Tevul Yom is a tractate in the Mishnah and Tosefta; in most editions of the Mishnah, it is tenth in the order Tohorot.

According to et seq., one who takes the prescribed ritual immersion remains impure until sunset. The degree of impurity in such a case is slight, and according to rabbinical interpretation, such a person renders neither the dough offering nor sanctified flesh is unclean, even before sunset; it is merely rendered unfit (pasul). He may touch profane or unsanctified things without consequence. This tractate precisely defines the degree of impurity attaching to such a person, and stipulates how far the purity of anything is affected by his touch.

==Contents==
In the Mishnah, the tractate comprises four chapters, containing 26 paragraphs in all:

- Chapter 1: Laws concerning bread and other things which are of such a form that if a tevul yom or any other uncleanness touches part of them the whole is rendered impure.

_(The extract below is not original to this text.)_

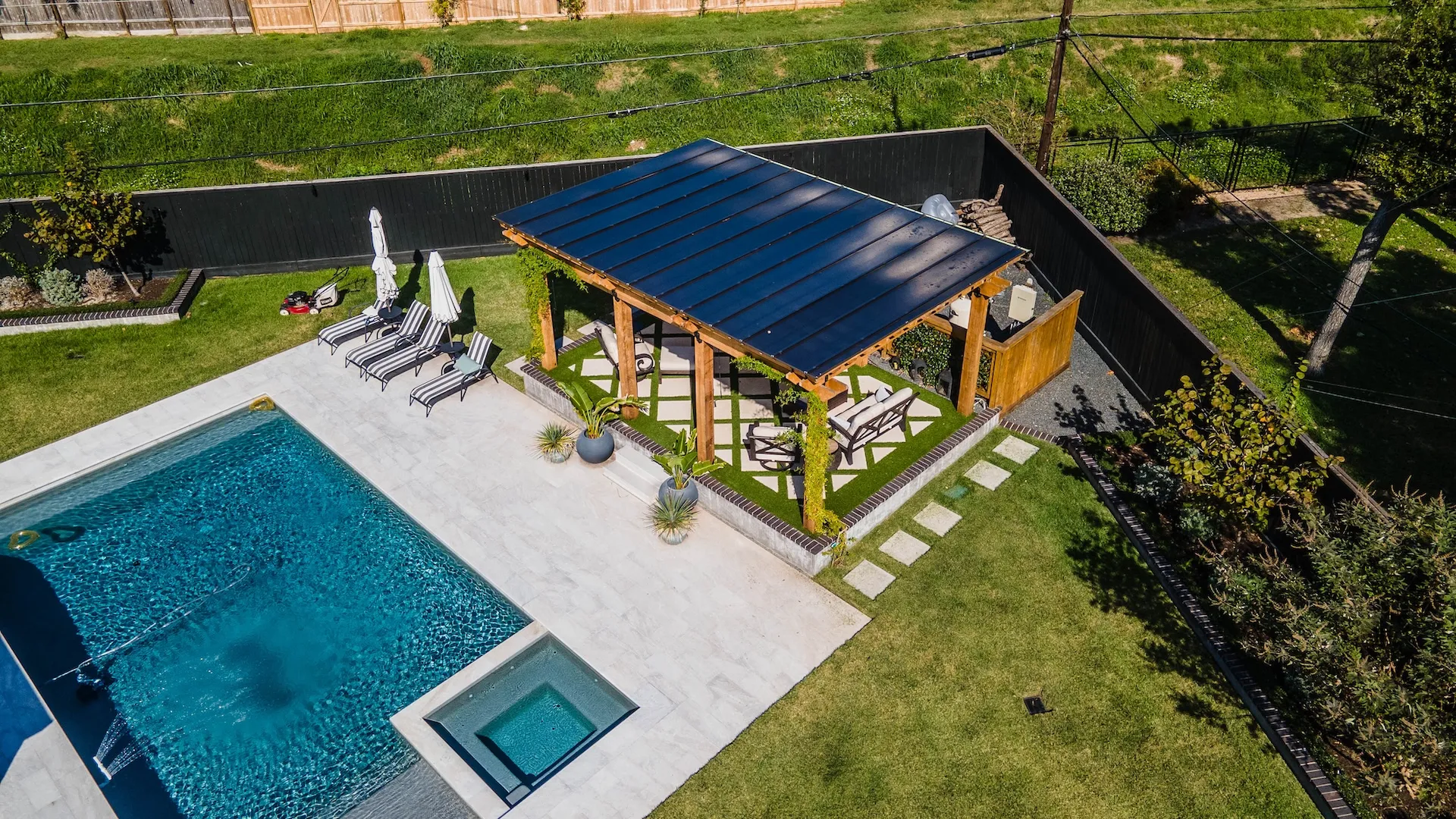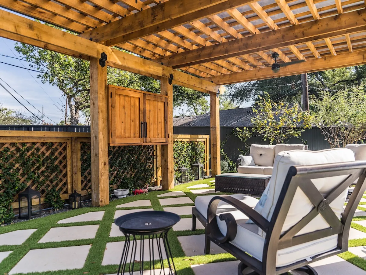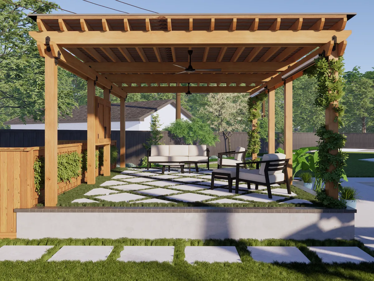To enhance the overall ambiance and comfort of the space, we installed electrical wiring to the pergola, allowing for the addition of two stylish ceiling fans—perfect for providing a refreshing breeze during the sweltering Texas summers.

- Chapter 2: Concerning liquids touched by a tevul yom; when such contact renders the whole unfit, and when it affects only the part touched.

- Chapter 3: Continuation of chapter 2: laws concerning liquids easily rendered impure.

- Chapter 4: Laws concerning utensils touched by a tevul yom; enumeration of halakhic rules which have undergone changes in the course of time; of the halakhic regulations which R. Joshua declared were introduced by the sages ("soferim"), and which he was unable to explain.

In the Tosefta, the tractate is divided into two chapters.